Una noche más acudo a tu encuentro. Me esperas impaciente entre las cuatro paredes de tu pequeño apartamento. Paseas arriba y abajo, mirando el reloj a cada instante. La llave en la cerradura. Ya llego, amor, no desesperes. Me cuesta tanto robarle unas horas a mi otra vida.
El abrazo es largo, está lleno de ausencias y duele. Mi piel reconoce tu tacto y se emociona. Un ligero temblor sube por mis piernas y me recorre entera. Las bocas desesperadas se buscan. Se encuentran. El deseo se apodera de las lenguas, de los labios, de los dientes que mordisquean golosos. Tus manos rodean mi cintura, pegándome a tu cuerpo. Como en un juego de magia, nos despojamos de la ropa, sin que las bocas se separen. Tú ardes, yo me quemo.
Con una coreografía perfecta, nos poseemos. Ningún movimiento superfluo. Cada mirada, cada caricia, cada beso recibe la respuesta esperada. Tu boca en mi sexo. Tu sexo en mi boca. De nuevo las lenguas se encuentran. Se mezclan sabores, sudores, olores, fluidos. Las palabras huyeron, no hay sitio para ellas. Solo los gemidos, los gritos de placer, se hacen eco en la habitación. Ellas volverán más tarde, cuando se tranquilicen nuestros cuerpos y reposen satisfechos.

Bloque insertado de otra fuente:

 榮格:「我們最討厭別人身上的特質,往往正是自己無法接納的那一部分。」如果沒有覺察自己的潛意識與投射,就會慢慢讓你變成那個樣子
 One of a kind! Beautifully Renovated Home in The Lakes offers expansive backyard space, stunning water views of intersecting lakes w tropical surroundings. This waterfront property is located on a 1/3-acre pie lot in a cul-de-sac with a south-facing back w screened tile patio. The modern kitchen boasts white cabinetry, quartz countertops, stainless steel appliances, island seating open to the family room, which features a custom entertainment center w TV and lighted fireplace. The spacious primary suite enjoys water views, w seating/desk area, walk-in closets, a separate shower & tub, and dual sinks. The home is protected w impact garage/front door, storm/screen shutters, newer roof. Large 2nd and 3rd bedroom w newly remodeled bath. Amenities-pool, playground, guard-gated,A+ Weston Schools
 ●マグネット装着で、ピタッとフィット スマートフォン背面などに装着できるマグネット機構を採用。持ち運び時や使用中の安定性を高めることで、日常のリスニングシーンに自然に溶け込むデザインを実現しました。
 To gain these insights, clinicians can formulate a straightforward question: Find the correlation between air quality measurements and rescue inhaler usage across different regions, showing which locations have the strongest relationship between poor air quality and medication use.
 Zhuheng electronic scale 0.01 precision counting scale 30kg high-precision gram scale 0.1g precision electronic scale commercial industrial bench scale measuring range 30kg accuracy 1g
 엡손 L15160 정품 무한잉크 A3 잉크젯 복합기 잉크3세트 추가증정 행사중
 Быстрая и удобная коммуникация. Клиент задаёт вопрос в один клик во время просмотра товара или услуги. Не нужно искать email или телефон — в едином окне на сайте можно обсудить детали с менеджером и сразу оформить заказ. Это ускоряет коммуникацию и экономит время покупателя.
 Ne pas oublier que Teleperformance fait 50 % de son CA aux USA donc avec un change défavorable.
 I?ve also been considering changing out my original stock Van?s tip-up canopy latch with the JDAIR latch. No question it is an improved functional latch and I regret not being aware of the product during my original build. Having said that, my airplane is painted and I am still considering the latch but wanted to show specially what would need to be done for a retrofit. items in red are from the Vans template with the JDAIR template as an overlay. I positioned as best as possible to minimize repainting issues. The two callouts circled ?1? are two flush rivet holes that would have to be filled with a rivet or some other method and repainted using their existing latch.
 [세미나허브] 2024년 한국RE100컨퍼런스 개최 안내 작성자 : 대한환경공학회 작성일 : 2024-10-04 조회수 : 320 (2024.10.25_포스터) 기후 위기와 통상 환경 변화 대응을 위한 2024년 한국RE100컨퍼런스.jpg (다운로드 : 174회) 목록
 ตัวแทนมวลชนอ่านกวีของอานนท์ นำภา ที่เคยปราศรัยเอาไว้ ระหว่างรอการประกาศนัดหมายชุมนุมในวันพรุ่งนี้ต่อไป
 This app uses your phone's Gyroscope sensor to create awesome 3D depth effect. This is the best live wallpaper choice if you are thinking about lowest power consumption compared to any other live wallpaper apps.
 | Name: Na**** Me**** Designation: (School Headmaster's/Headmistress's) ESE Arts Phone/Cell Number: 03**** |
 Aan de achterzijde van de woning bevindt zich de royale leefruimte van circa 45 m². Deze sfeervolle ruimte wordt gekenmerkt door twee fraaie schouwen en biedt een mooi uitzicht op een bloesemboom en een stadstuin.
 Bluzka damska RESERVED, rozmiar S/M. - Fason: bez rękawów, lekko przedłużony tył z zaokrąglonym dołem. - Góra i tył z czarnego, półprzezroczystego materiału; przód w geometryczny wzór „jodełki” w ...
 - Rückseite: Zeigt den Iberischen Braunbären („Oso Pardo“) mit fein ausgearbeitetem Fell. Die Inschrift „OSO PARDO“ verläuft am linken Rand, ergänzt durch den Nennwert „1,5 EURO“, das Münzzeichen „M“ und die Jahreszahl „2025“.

Estás en mí. Danzamos. El ritmo suave va ganando intensidad. Se vuelve rápido, potente. Te hundes en mi carne, que te atrapa y te succiona. Quiero seguir mirándote, guardar tu imagen en mi retina. Me invade el placer y los párpados se cierran. Mientras, de nuestras gargantas nace un grito que se ahoga con los besos.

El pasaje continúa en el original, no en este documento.